* _Exercise objective_: Look through the listing below for the line containing "Winterim (Gr 9-12)". Copy it and each line after it up to and including the line containing "Senior Marketing team", exactly, leaving out pictures.
-.-.-
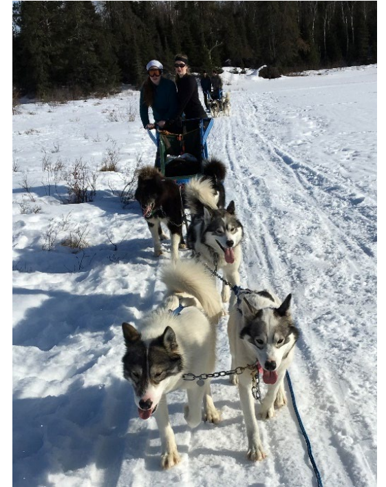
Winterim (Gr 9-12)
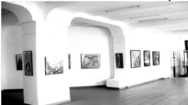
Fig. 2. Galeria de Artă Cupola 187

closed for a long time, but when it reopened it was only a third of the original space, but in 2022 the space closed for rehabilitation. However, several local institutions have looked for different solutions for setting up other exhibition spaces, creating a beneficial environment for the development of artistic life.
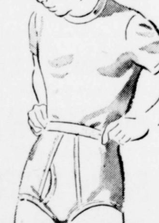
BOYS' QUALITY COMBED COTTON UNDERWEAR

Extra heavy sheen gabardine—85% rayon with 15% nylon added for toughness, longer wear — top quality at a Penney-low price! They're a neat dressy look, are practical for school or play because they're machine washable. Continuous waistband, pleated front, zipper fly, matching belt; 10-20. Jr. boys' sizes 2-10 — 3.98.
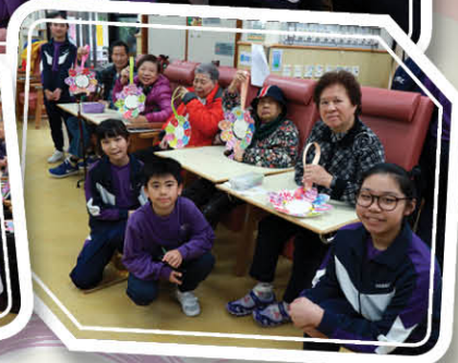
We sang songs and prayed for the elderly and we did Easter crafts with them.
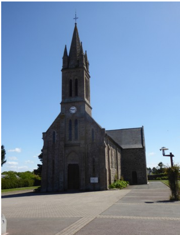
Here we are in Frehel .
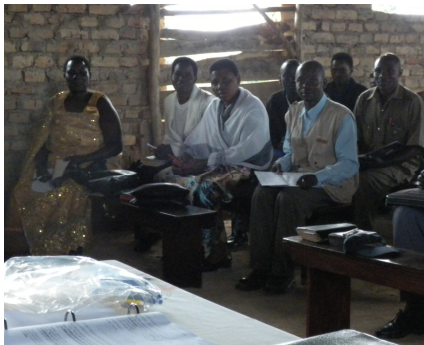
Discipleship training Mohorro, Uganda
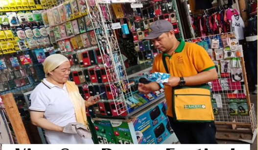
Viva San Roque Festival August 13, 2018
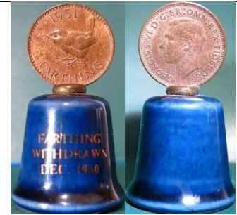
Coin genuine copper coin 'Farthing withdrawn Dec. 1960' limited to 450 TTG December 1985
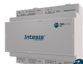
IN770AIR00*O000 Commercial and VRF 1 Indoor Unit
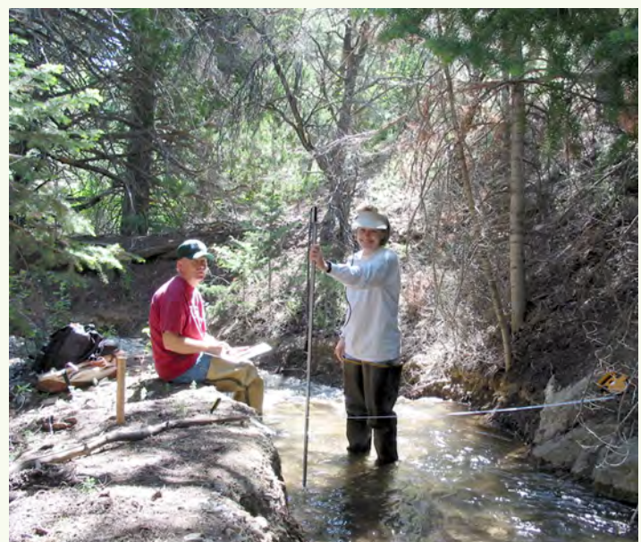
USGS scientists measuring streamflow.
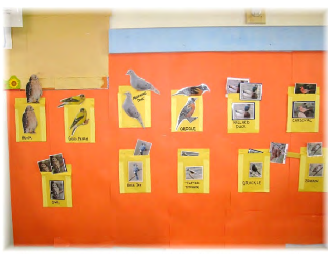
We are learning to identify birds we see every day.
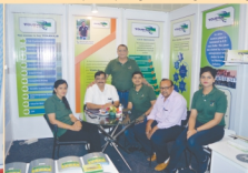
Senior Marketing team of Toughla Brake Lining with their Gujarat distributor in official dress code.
-.-.-
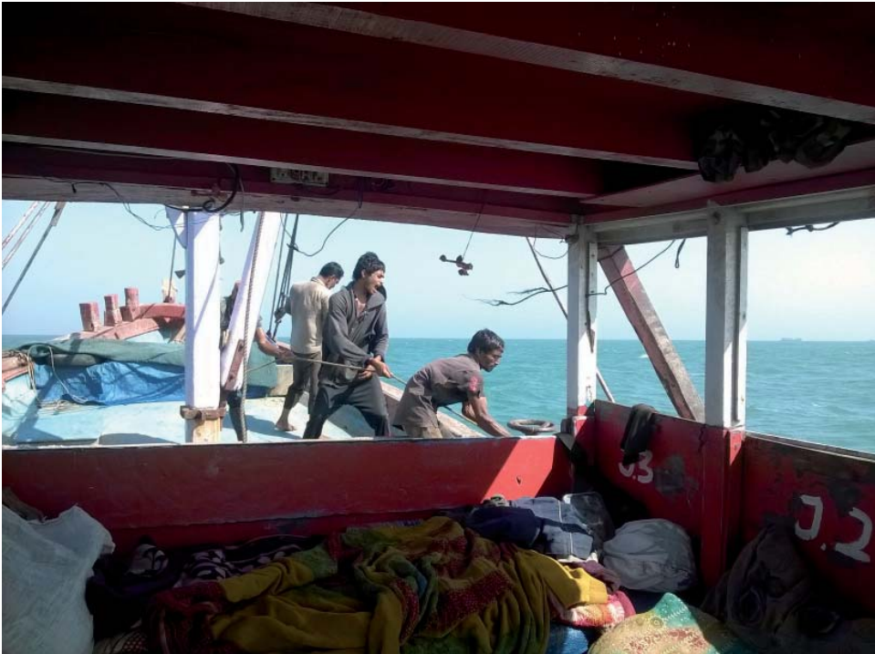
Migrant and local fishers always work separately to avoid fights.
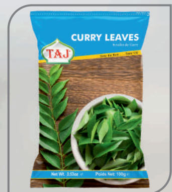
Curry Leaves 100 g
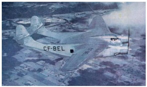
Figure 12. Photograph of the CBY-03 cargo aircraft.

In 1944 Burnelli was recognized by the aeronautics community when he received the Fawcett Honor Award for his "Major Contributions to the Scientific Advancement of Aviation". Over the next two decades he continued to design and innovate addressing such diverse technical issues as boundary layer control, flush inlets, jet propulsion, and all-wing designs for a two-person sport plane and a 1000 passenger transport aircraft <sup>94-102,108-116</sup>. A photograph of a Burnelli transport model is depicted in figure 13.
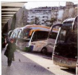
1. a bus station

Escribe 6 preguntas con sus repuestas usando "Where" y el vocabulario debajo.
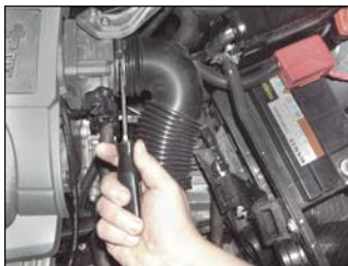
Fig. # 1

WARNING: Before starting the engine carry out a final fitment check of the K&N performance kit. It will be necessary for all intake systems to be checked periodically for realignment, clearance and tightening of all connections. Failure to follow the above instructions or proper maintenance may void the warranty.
-.-.-
* _Solved exercise_:
Winterim (Gr 9-12)
Fig. 2. Galeria de Artă Cupola 187

closed for a long time, but when it reopened it was only a third of the original space, but in 2022 the space closed for rehabilitation. However, several local institutions have looked for different solutions for setting up other exhibition spaces, creating a beneficial environment for the development of artistic life.
BOYS' QUALITY COMBED COTTON UNDERWEAR

Extra heavy sheen gabardine—85% rayon with 15% nylon added for toughness, longer wear — top quality at a Penney-low price! They're a neat dressy look, are practical for school or play because they're machine washable. Continuous waistband, pleated front, zipper fly, matching belt; 10-20. Jr. boys' sizes 2-10 — 3.98.
We sang songs and prayed for the elderly and we did Easter crafts with them.
Here we are in Frehel .
Discipleship training Mohorro, Uganda
Viva San Roque Festival August 13, 2018
Coin genuine copper coin 'Farthing withdrawn Dec. 1960' limited to 450 TTG December 1985
IN770AIR00*O000 Commercial and VRF 1 Indoor Unit
USGS scientists measuring streamflow.
We are learning to identify birds we see every day.
Senior Marketing team of Toughla Brake Lining with their Gujarat distributor in official dress code.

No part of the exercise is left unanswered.